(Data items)
--- --- ---

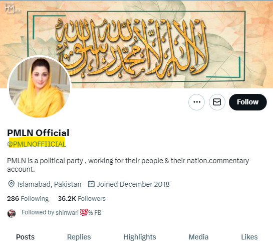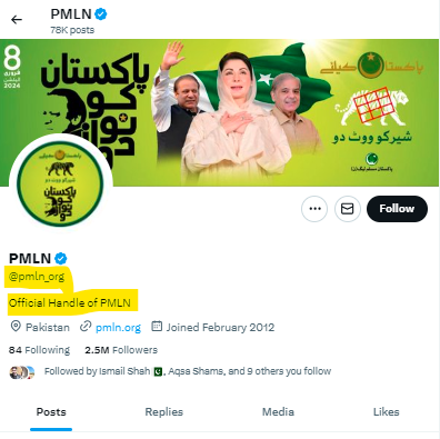 ہم نے پی ایم ایل این کے اصل ایکس ہینڈل کو دیکھا تو معلوم ہوا کہ جس پی ایم ایل این آفیشل نامی ایکس ہینڈل سے لیٹر شیئر کیا گیا ہے وہ دراصل فرضی ہینڈل ہے، جبکہ پی ایم ایل این کے اصل ہینڈل پر 2.5 ملین فالوورس ہیں اور یہ فروری 2012 سے موجود ہے۔
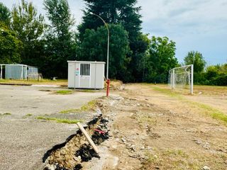 Mezzi al lavoro, nell'area sportiva dell'Aravecchia, in via Baracca, per la riqualificazione del campo di calcio e delle strutture annesse.
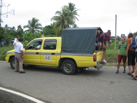 *Taking a truck taxi where we COULD ride in the back and cramming 12 people in it. This truck bed is MUCH smaller than even a Ford Ranger’s bed…oh my. Talk about getting to know your neighbor.
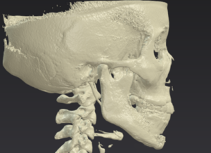 オトガイ形成:オトガイの先の骨を台形に骨切りして前方に移動し、プレートで固定してきます。
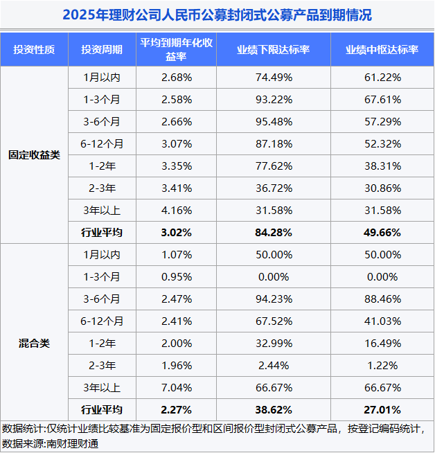 据南财理财通数据,2025年,理财公司11092只样本到期产品的综合业绩中枢达标率为48.76%,业绩下限达标率为82.36%。
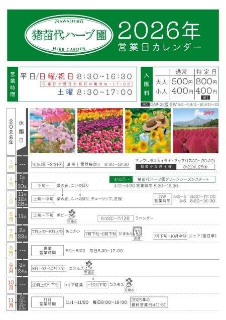 2026年の猪苗代ハーブ園は4月11日(土)オープンです。
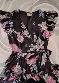 Abito lungo estivo in velo foderato fondo nero e fiori rosa con gonna plissettata. Etichetta taglia 32 Europa. Spedisco
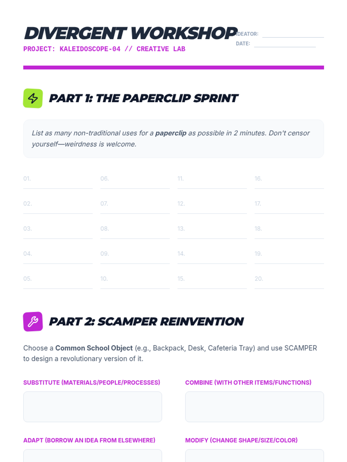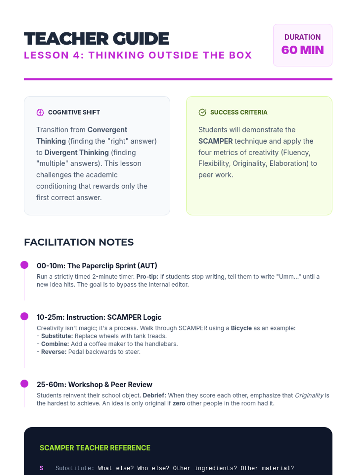 Moving away from single-solution problems, this lesson focuses on divergent thinking and techniques like SCAMPER to generate unique solutions.
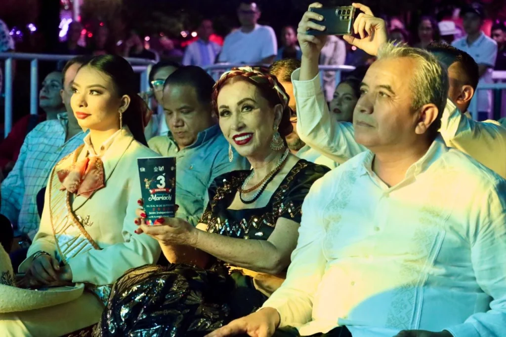 La Alcaldesa, acompañada por Francisco Rodríguez García, Secretario de Desarrollo Económico del Gobierno del Estado y representante de la Gobernadora Indira Vizcaíno, expresó su agradecimiento al sector empresarial, que dijeron sí al patrocinio del Tercer Festival del Mariachi, “que spin ustedes no hubiera sido posible esta tercer edición”.
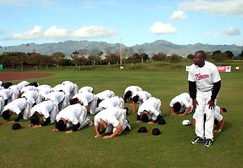 LG 트윈스 미국 하와이 스프링 캠프에 웃음꽃이 만발하고 있다. 지난 29일(이하 한국시간) 캠프 합류할 때부터 한국말로 "안녕하십니까! 텔리입니다. 자 기합소리 한번! 아자!"라고 첫 인사를 건네 범상치 않음을 보여줬던 외국인 투수 텔레마코(31)가 연일 선수단에 웃음을 제공하고 있다. 텔레마코는 지난 30일 저녁 숙소인 하와이 프린스호텔 3층 만찬장에서 설날을 맞아 가진 윷놀이에서 또 한 번 진가(?)를 발휘했다. 투수팀과 야수팀으로 나눠 가진 윷놀이에서 텔레마코는 윷을 멍석이 아닌 상에다 던져 선수단을 폭소 도가니로 몰아넣었다. 윷놀이가 처음인 것을 여실히 드러냈지만 그래도 텔레마코가 포함된 투수팀이 승리. 텔레마코의 '한국문화 체험기'는 이날 오전에도 한 건 있었다. 오전 운동장에서 훈련에 앞서 선수단은 이순철 감독 등 코칭스태프에게 단체로 세배를 했다. 하지만 세배를 모르는 텔레마코는 선수단과 완전히 동떨어진 절을 하는 바람에 선수들을 한바탕 웃게 만들었다. 텔레마코는 선수들이 모두 엎드려 있을 때에는 혼자 서 있다가 선수들이 일어나면 혼자 엎드리는 등 어쩔줄 모르며 촌극을 벌였다. 텔레마코의 엉터리 절에도 불구하고 이순철 감독은 주장 서용빈에게 두둑한 세뱃돈을 건넸다. 텔레마코로선 캠프합류 3일만에 한국문화를 톡톡히 체험하며 올 시즌 한국생활의 한 단면을 맛본 것이다. 텔레마코는 적극적으로 한국말과 한국문화에 적응하려는 모습을 보이고 있어 LG 코칭스태프는 그라운드에서도 한국야구에 빠르게 적응할 것으로 기대하고 있다. 선수단의 단체세배때 혼자 동떨어진 행동으로 어쩔줄 몰라하는 텔레마코. /사진제공=LG 트윈스 박선양 기자 sun@osen.co.kr [Copyright ⓒ 한국 최고의 스포츠 전문 미디어 OSEN(www.osen.co.kr) 무단전재 및 재배포 금지]

--- --- ---

**YOUR TASK:**
Using the data above, set down each line from the line with "オトガイ形成:オトガイの先の" to the line with "La Alcaldesa, acompañada" exactly, both ends included, and leave the pictures behind. Nothing else belongs.

**SOLUTION BELOW:**
 オトガイ形成:オトガイの先の骨を台形に骨切りして前方に移動し、プレートで固定してきます。
 据南财理财通数据,2025年,理财公司11092只样本到期产品的综合业绩中枢达标率为48.76%,业绩下限达标率为82.36%。
 2026年の猪苗代ハーブ園は4月11日(土)オープンです。
 Abito lungo estivo in velo foderato fondo nero e fiori rosa con gonna plissettata. Etichetta taglia 32 Europa. Spedisco
 Moving away from single-solution problems, this lesson focuses on divergent thinking and techniques like SCAMPER to generate unique solutions.
 La Alcaldesa, acompañada por Francisco Rodríguez García, Secretario de Desarrollo Económico del Gobierno del Estado y representante de la Gobernadora Indira Vizcaíno, expresó su agradecimiento al sector empresarial, que dijeron sí al patrocinio del Tercer Festival del Mariachi, “que spin ustedes no hubiera sido posible esta tercer edición”.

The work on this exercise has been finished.